Output uses standard BED field names such as chrom, chromStart, chromEnd,
and optional BED/BED12 fields.
Behavior details:
- Leading
browser,track, and#lines are skipped before the first data row. - BED12 rows use BED12 field names (for example
thickStart,thickEnd,itemRgb,blockCount,blockSizes,blockStarts). strandis normalized to numeric codes:"+"->1,"-"->-1, and any other value ->0.blockSizesandblockStartsare parsed from comma-separated text into numeric arrays.- Non-BED12 extra columns are preserved as positional fallback fields (
fieldN).
Example¶
{
"description": "Browser Extendible Data (BED) example.",
"assembly": "hg38",
"data": {
"url": "data/bedRegions.bed",
"format": { "type": "bed" }
},
"mark": "rect",
"encoding": {
"x": { "chrom": "chrom", "pos": "chromStart", "type": "locus" },
"x2": { "chrom": "chrom", "pos": "chromEnd" },
"y": { "field": "name", "type": "nominal" },
"color": { "field": "strand", "type": "nominal" }
}
}
For larger BED files, consider using the lazy BigBed data
source instead of the eager url source.
BEDPE¶
BEDPE
is parsed as tab-delimited text with positional columns. It is commonly used
for paired loci, such as structural variant breakpoints and link/arc
annotations between two regions. The required leading fields are
chrom1, start1, end1, chrom2, start2, end2; common optional fields are
name, score, strand1, strand2. BEDPE files are typically headerless.
Behavior details:
- Leading
browser,track, and#lines are skipped before the first data row. - If a header row is present, it is detected when the first six columns match
the required BEDPE prefix; headerless files use the default BEDPE column
order or explicit names from
format.columns. - Sentinel normalization:
.->nullfor string fields (chrom*,name);-1and""->nullfor coordinates;""->nullforscore. strand1andstrand2are normalized to numeric codes:"+"->1,"-"->-1, and any other value ->0.- Extra trailing columns are preserved as positional fallback fields (
fieldN, with 1-based indexing). - Rows with fewer than six columns are rejected with a parse error.
Example¶
{
"description": "BEDPE example using link marks between paired breakpoints.",
"assembly": "hg38",
"data": {
"url": "data/events.bedpe",
"format": { "type": "bedpe" }
},
"mark": {
"type": "link",
"linkShape": "dome",
"orient": "vertical",
"clampApex": true
},
"encoding": {
"x": { "chrom": "chrom1", "pos": "start1", "type": "locus" },
"x2": { "chrom": "chrom2", "pos": "start2" },
"y": { "field": "score", "type": "quantitative" },
"size": { "value": 2 },
"color": { "field": "name", "type": "nominal" }
}
}
FASTA¶
The type of FASTA format is "fasta" as shown in the example below:
{
"data": {
"url": "16SRNA_Deino_87seq_copy.aln",
"format": {
"type": "fasta"
}
},
...
}
The FASTA loader produces data objects with two fields: identifier and
sequence. With the "flattenSequence"
transform you can split the sequences into individual bases (one object per
base) for easier visualization.
Parquet¶
Apache Parquet is a
column-oriented binary storage format designed for efficient analytics on large
tables. Compared to row-oriented text formats, it usually provides better
compression and faster column scans. For larger datasets, Parquet is strongly
recommended over delimited text formats because it can be processed much more
quickly.
In GenomeSpy, Parquet is decoded into row objects similarly to "csv" and
"tsv" formats supported by the url data source.
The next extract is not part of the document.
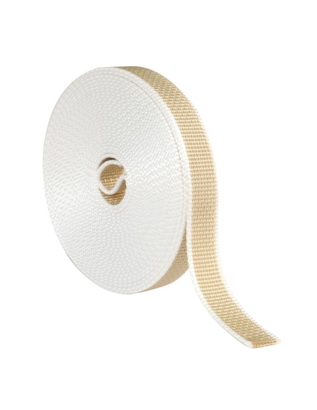 Cinta persiana beige y blanco de Amig, ideal para reparar y personalizar tus persianas. Medidas: 22x6 m. Calidad y durabilidad en un solo producto.

The type of Parquet format is "parquet":
{
"data": {
"url": "data.parquet",
"format": {
"type": "parquet"
}
}
}
Current constraints:
- Only Snappy-compressed Parquet files are supported.
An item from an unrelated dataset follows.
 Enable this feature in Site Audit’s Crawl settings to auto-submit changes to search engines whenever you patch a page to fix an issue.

- 64-bit integer values that require JavaScript
BigIntare not supported.
Writing compatible Parquet files in R
The following example shows how to write compatible Parquet files in R
using the arrow package:
library(arrow)
library(dplyr)
data.frame(x = 123L, y = 1.23) |>
arrow_table() |>
mutate(
across(where(is.integer), ~ arrow::cast(., int32())),
# Using float32 instead of double is optional but can significantly reduce file size
across(where(is.double), ~ arrow::cast(., float32()))
) |>
write_parquet("data.parquet")
The implementation is based on hyparquet.